Boris Andreyevich Vilkitsky (Бори́с Андре́евич Вильки́цкий) (22 March (3 April N.S.) 1885, Pulkovo – 6 March 1961) was a Russian hydrographer and surveyor. He was the son of Andrey Ippolitovich Vilkitsky.

==Career==

Born in Pulkovo, Tsarskoselsky Uyezd (now part of Saint Petersburg), Vilkitsky graduated from the Naval Academy in Saint Petersburg in 1908. He participated in the Russo-Japanese War of 1904–1905. In 1913—1915 he led the Arctic hydrographic expedition on the ships "Taimyr" and "Vaigach" with the purpose of further exploration of the Northern Sea Route.

In 1913, Vilkitsky's expedition discovered Emperor Nicholas II Land (Земля Императора Николая II, Zemlya Imperatora Nikolaya II) — later renamed 'Severnaya Zemlya', perhaps one of the most important Russian discoveries in the Arctic at the time. Other discoveries were an island that now bears his name (Vilkitsky Island), as well as the islands of Maly Taymyr and neighboring Starokadomsky. In 1914–1915, Vilkitsky's expedition made the first through voyage from Vladivostok to Arkhangelsk, discovered Novopashenniy Island (now Zhokhov Island), and described the eastern coastline of the territory he named 'Emperor Nicholas II Land'. He was awarded the prestigious Constantine Medal by the Russian Geographical Society for his endeavours.

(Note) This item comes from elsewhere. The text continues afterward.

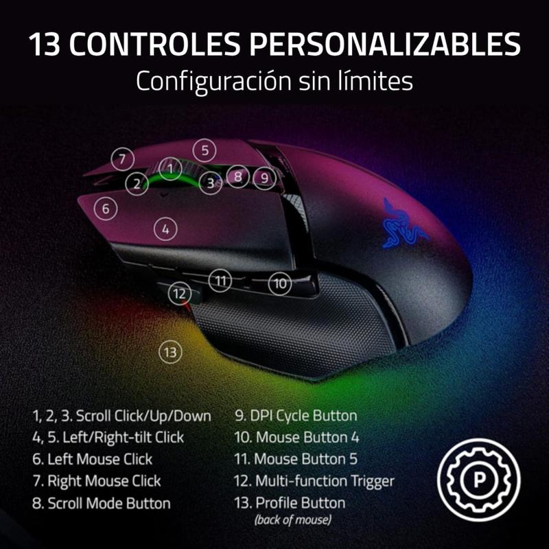 Raton Razer Basilisk V3 Pro 35K Precisión óptica de 35000 DPI 11 botones programables diseño ergonómico
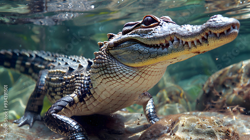 Obraz premium Amazon Dwarf Crocodile swimming in clear waters, its distinctive body and...

In 1918, Vilkitsky was appointed head of the first Soviet hydrographic expedition, which never took place due to its seizure by the North Russia intervention in Arkhangelsk. In 1920, Vilkitsky emigrated to Britain. In 1923 and 1924, Vilkitsky led commercial expeditions in the Kara Sea at the invitation of the Soviet foreign trade organizations.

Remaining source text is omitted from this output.